Oocytes secrete factors that regulate the development of the surrounding granulosa cells in ovarian follicles. KIT ligand (KL) mRNA expression in granulosa cells is thought to be regulated by oocytes; however, the factor(s) that mediate this effect are not known. One candidate is the oocyte-specific gene product growth differentiation factor-9 (GDF-9). This study examined the effect of recombinant GDF-9 (rGDF-9) on steady-state KL mRNA expression levels in preantral and mural granulosa cells in vitro. Furthermore, the study compared the effect of rGDF-9 with that of coculture with oocytes at different developmental stages. As determined by RNase protection assay, both KL-1 and KL-2 mRNA levels in preantral and mural granulosa cells were suppressed by 25–250 ng/ml rGDF-9. Fully grown oocytes also suppressed both KL-1 and KL-2 mRNA expression levels. Partly grown oocytes isolated from 7-, 10-, or 12-day-old mice either had no effect on KL mRNA levels or promoted KL-1 mRNA steady-state expression. It is concluded that GDF-9 is likely to mediate the action of fully grown, but not partly grown, oocytes on granulosa cell KL mRNA expression.

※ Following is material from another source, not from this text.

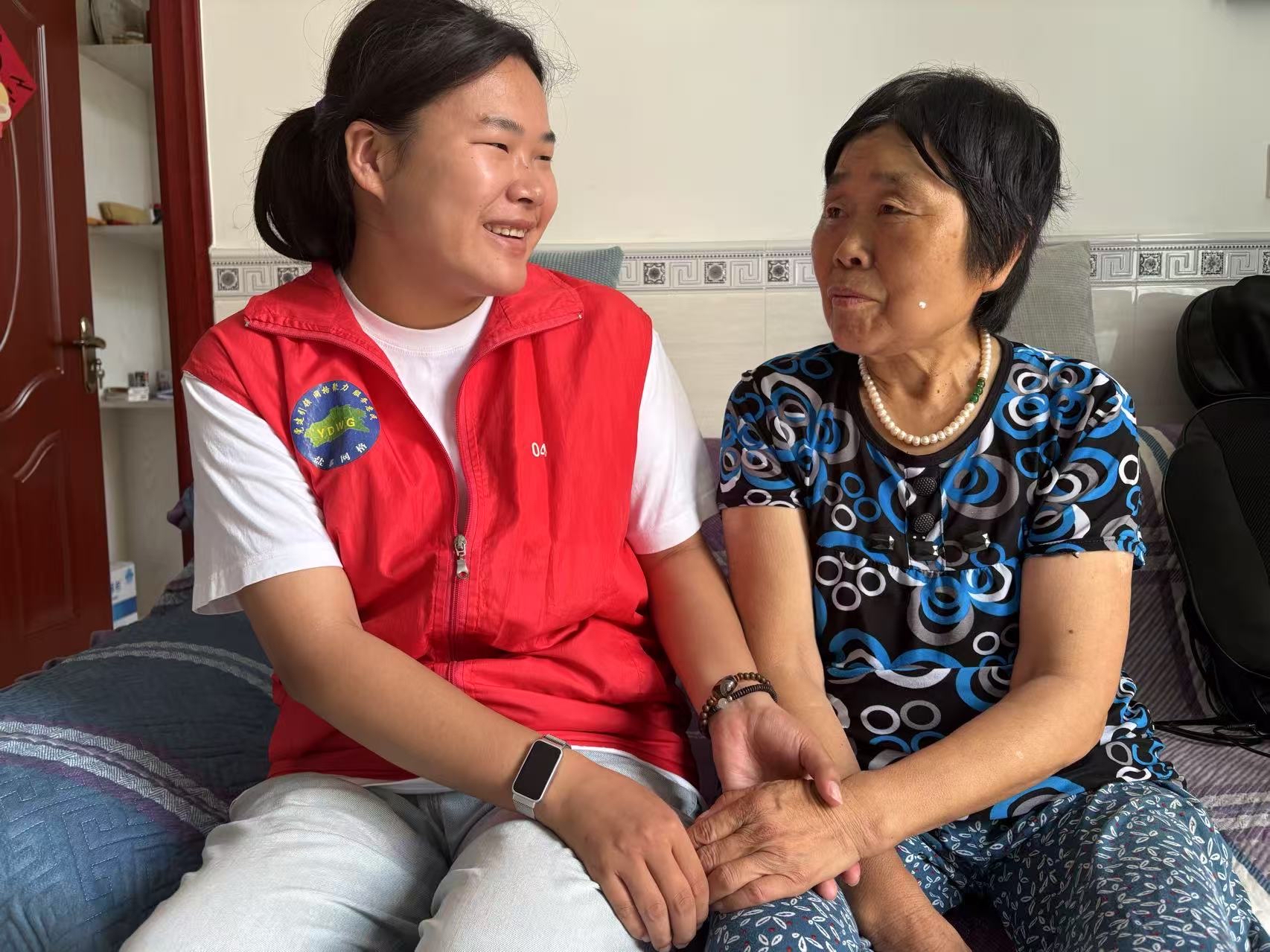 76岁的戴龙英患有慢性病,常常忘记服药。宋佳每天三次来到戴龙英家,倒茶给老人服药。春天的一个晚上,她像往常一样来到戴龙英家提醒服药,看到戴龙英躺在床上,她上前询问,发现她手心发烫,找来体温计为其量体温,确定发烧后,她立马电话联系戴龙英女儿。因戴龙英子女在外地工作赶不回来,她联系了网格对接的村医生,根据医生指导,找到退热贴贴上,还照顾了戴龙英一夜,老人在天亮前体温终于恢复正常。

cumulus cells, developmental biology, gametogenesis, granulosa cells, growth factors, oocyte development, ovary, ovum

INTRODUCTION

There is accumulating evidence that mammalian oocytes secrete factors that regulate the development of the surrounding granulosa cells in ovarian follicles. Circumstantial evidence in support of this assertion is provided by studies showing that in antral follicles there are differences in the level of expression of a number of genes in those cells closest to the oocyte, the cumulus cells, compared to the more distant mural granulosa cells. For example, mRNAs encoding LH receptor, KIT ligand (KL), and urokinase plasminogen activator are expressed at higher levels in mural granulosa compared to cumulus cells [1, 2]. On the other hand, mRNAs encoding insulin-like growth factor-1, cyclooxygenase-2, and the prostaglandin EP2 receptor are expressed at higher levels in cumulus than mural granulosa cells [3–5].

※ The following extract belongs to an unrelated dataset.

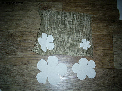 Из мешковины вырезаем прямоугольник. Из бязи выкраиваем цветы разных размеров.

Additional evidence that oocytes secrete factors that regulate the development of the surrounding granulosa cells in ovarian follicles is provided by studies showing that oocytes regulate granulosa cell function in vitro. For example, oocytes secrete paracrine signals that enable cumulus cells to undergo cumulus expansion in response to FSH stimulation [6–9] and suppress LH receptor mRNA expression by granulosa cells [10]. Furthermore, oocytes secrete signals that regulate expression by granulosa cells of both KL-1 and KL-2 mRNA, the alternate mRNA splice-variants of KL [11].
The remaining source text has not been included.